== Your task ==
Exactly as written, write out the lines below from the first to the one containing "MySpaceの日本語版〈MySpace Japan〉のトップ・ページ", inclusive. Pictures do not belong in the copy.

--------------------------------

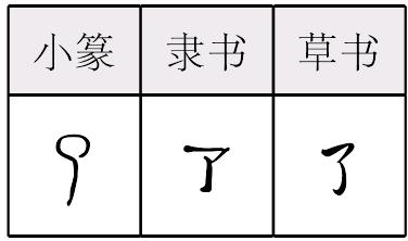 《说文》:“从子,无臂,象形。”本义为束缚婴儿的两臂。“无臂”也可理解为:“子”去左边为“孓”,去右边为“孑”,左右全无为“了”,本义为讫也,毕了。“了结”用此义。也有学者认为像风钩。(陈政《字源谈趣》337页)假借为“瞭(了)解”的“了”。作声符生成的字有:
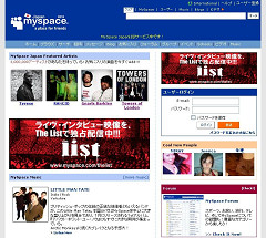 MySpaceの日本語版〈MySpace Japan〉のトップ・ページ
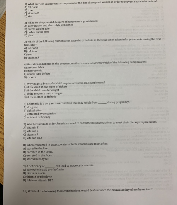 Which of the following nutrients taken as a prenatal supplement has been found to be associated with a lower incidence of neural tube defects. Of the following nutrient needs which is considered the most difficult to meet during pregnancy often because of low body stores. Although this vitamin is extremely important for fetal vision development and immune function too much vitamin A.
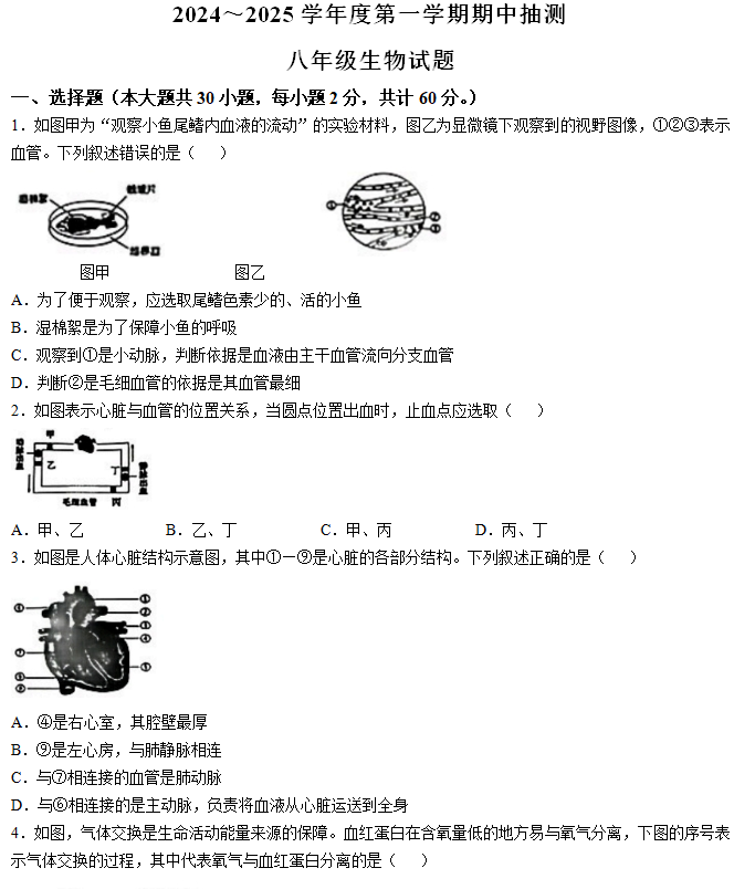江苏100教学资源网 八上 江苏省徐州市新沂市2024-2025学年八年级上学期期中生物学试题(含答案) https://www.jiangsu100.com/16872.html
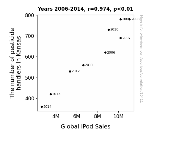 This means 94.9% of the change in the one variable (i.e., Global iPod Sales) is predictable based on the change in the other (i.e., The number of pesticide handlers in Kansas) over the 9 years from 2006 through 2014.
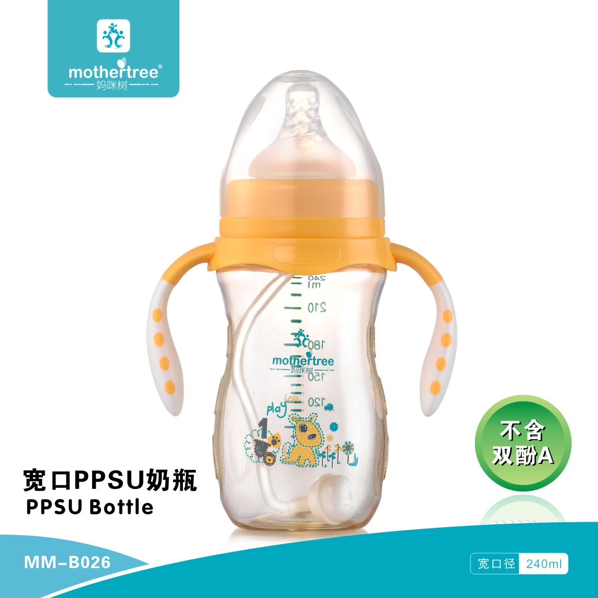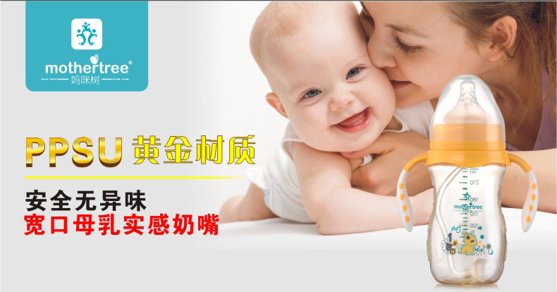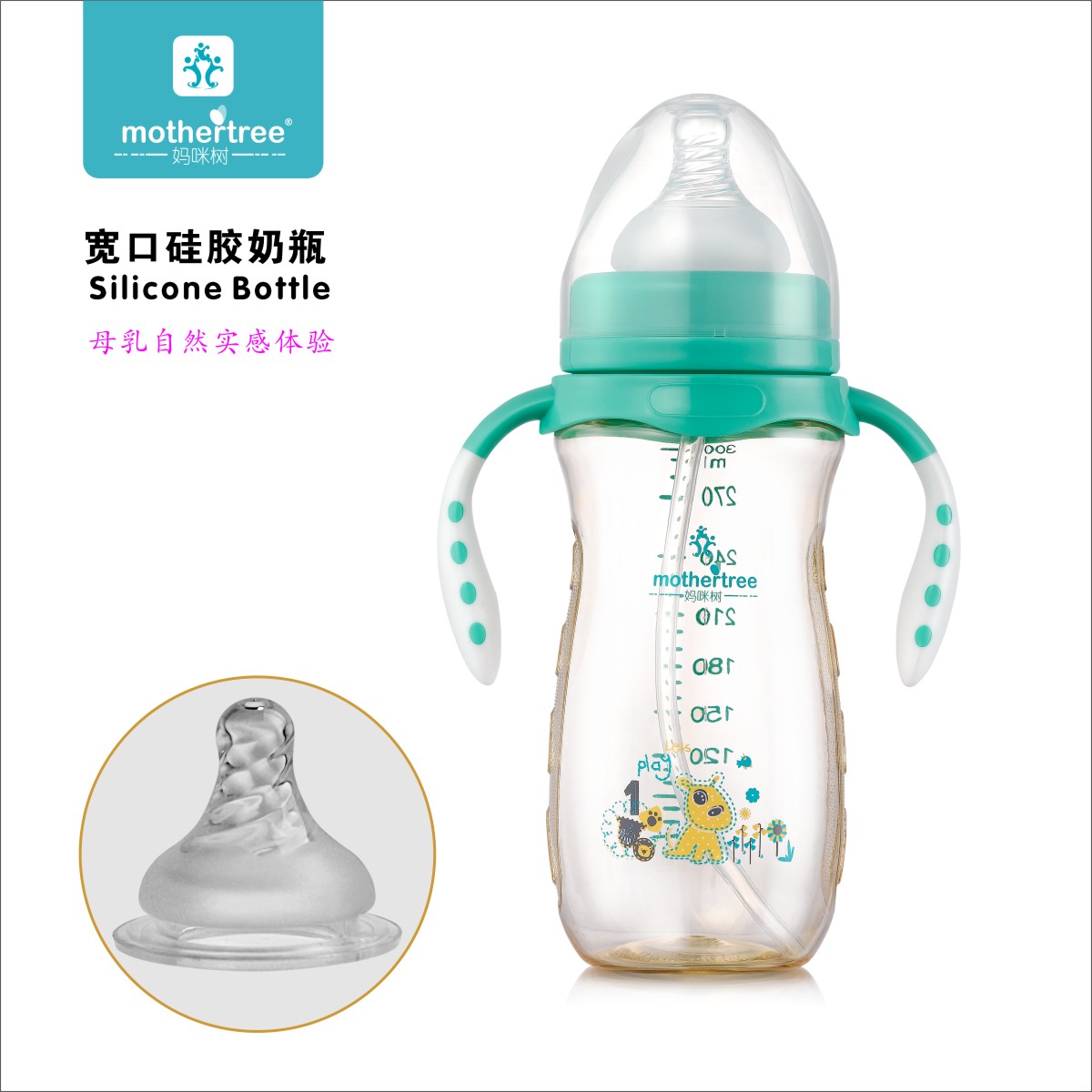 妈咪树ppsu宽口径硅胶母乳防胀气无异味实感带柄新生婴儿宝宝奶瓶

--------------------------------

== Result ==
 《说文》:“从子,无臂,象形。”本义为束缚婴儿的两臂。“无臂”也可理解为:“子”去左边为“孓”,去右边为“孑”,左右全无为“了”,本义为讫也,毕了。“了结”用此义。也有学者认为像风钩。(陈政《字源谈趣》337页)假借为“瞭(了)解”的“了”。作声符生成的字有:
 MySpaceの日本語版〈MySpace Japan〉のトップ・ページ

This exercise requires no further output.